A California arbitration decision stands

June 09, 2014 | By DEBORAH LA FETRA

The California Supreme Court gained a little ground today in its perpetual tug-of-war with the United States Supreme Court over the enforcement of contracts containing arbitration provisions. The California court doesn’t like arbitration and creatively finds all sorts of reasons to avoid enforcing contracts that call for arbitral resolution of disputes. Sonic-Calabasas A v. Moreno involves an employment contract, and this case has been bouncing up and down the courts for years. The California Supreme Court originally invalidated the contract as unconscionable and against public policy because it waived an administrative hearing on employment disputes that otherwise would be available under the state Labor Code (so-called Berman hearings). The U.S. Supreme Court vacated that decision a couple years ago, and ordered the state court to reconsider the matter in light of AT&T Mobility v. Concepcion, which held that the federal substantive law of arbitration and the Federal Arbitration Act preempted any state common law rule or statute that stood as an “obstacle” to arbitration.

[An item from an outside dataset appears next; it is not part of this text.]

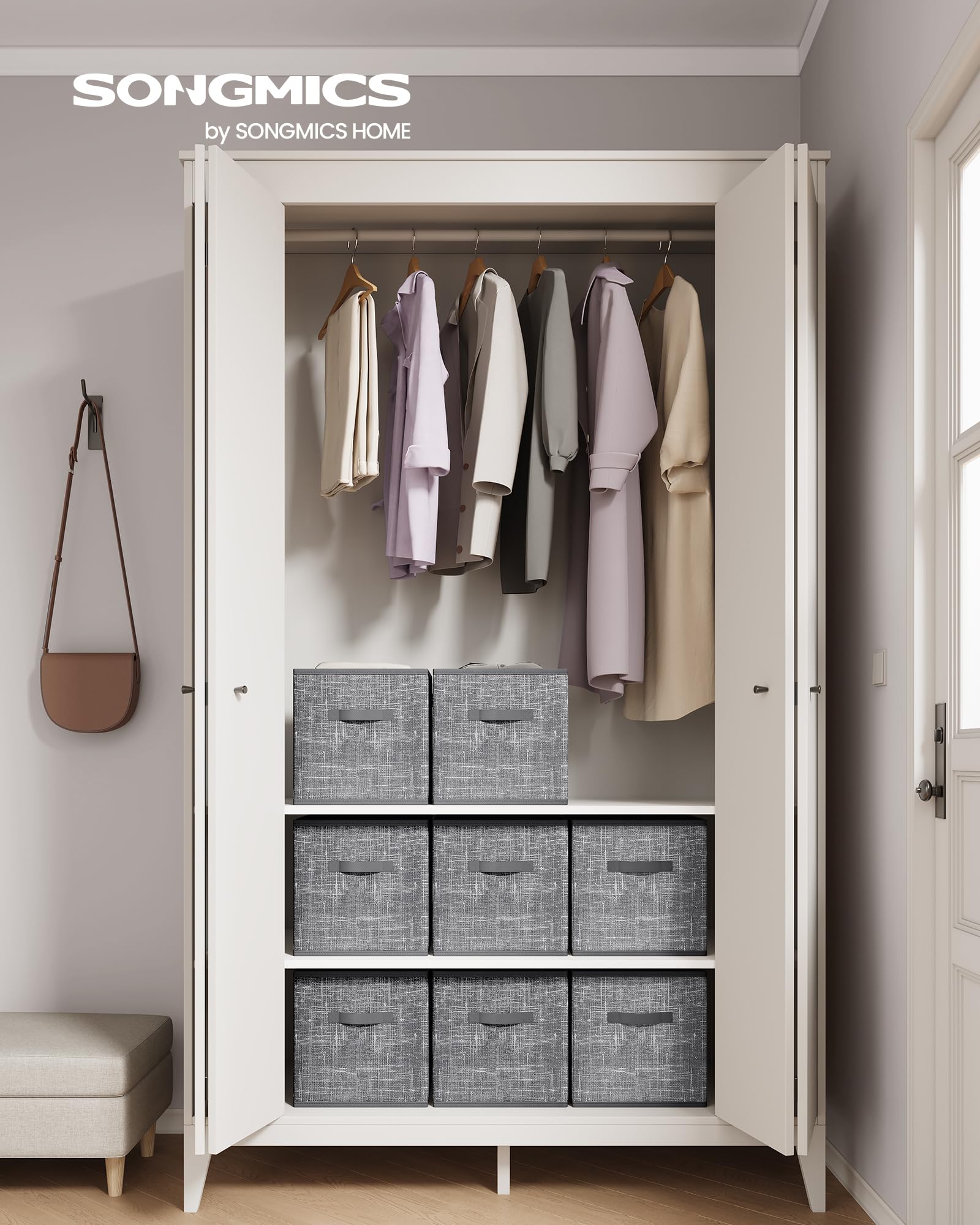 SONGMICS Storage Cubes, 33 cm Non-Woven Fabric Bins with Double Handles, Set of 8, Wardrobe Organisers for Shelves, Foldable, for Clothes, Cattail Grey ROB833G01
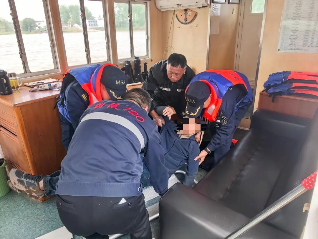 海事执法人员立即将落水者安全转移至海巡艇上。考虑到江水冰凉、落水者体温偏低,海事执法人员迅速打开艇内空调为其取暖,同时不断与落水者说话,反复提醒其保持意识清醒。

On its second review, the California Supreme Court recognized that it had to abandon its categorical rule of invalidating arbitration contracts that waived the Berman hearing, but it announced a new rule that requires that arbitration contracts that waive Berman hearings must provide for “accessible, affordable resolution of wage disputes.” As a practical matter, this either forces California employers to participate in the Berman hearings, or set up its own dispute resolution process that mirrors those hearings. PLF filed an amicus brief supporting the petition for writ of certiorari.  Unfortunately, today the Supreme Court declined to review the California decision.